What the task asks: Please count the lines in the entries below that include the word "Hong", and give only the number.

Records provided:
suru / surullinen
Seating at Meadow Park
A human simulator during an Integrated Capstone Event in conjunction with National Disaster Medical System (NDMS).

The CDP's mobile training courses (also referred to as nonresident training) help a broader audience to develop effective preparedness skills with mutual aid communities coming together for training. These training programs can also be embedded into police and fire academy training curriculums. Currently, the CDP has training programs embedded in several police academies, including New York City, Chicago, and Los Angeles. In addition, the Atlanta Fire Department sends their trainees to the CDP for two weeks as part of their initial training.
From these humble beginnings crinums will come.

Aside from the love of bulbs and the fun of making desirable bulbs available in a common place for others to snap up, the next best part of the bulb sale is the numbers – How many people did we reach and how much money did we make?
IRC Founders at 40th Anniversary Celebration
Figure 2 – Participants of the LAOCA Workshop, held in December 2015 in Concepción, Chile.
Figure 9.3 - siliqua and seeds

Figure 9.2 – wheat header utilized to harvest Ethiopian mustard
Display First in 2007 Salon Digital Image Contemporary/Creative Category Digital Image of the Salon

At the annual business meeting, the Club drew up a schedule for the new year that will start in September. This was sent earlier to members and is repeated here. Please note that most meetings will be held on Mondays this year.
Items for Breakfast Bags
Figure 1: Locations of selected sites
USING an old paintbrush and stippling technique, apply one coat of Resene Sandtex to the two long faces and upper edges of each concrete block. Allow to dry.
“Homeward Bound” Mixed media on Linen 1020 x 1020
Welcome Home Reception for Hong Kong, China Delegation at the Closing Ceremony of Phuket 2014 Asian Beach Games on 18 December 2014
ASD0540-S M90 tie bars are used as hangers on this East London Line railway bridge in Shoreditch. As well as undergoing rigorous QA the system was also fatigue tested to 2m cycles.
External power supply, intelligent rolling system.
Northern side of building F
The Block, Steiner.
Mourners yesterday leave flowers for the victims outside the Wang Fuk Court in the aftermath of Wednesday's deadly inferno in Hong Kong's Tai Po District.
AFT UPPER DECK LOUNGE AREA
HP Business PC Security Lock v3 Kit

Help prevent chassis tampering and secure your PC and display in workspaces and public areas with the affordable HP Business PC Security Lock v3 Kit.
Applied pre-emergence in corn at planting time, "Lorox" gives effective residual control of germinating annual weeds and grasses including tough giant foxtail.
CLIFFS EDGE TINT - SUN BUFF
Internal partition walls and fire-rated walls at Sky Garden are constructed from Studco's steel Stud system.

Task solution: 2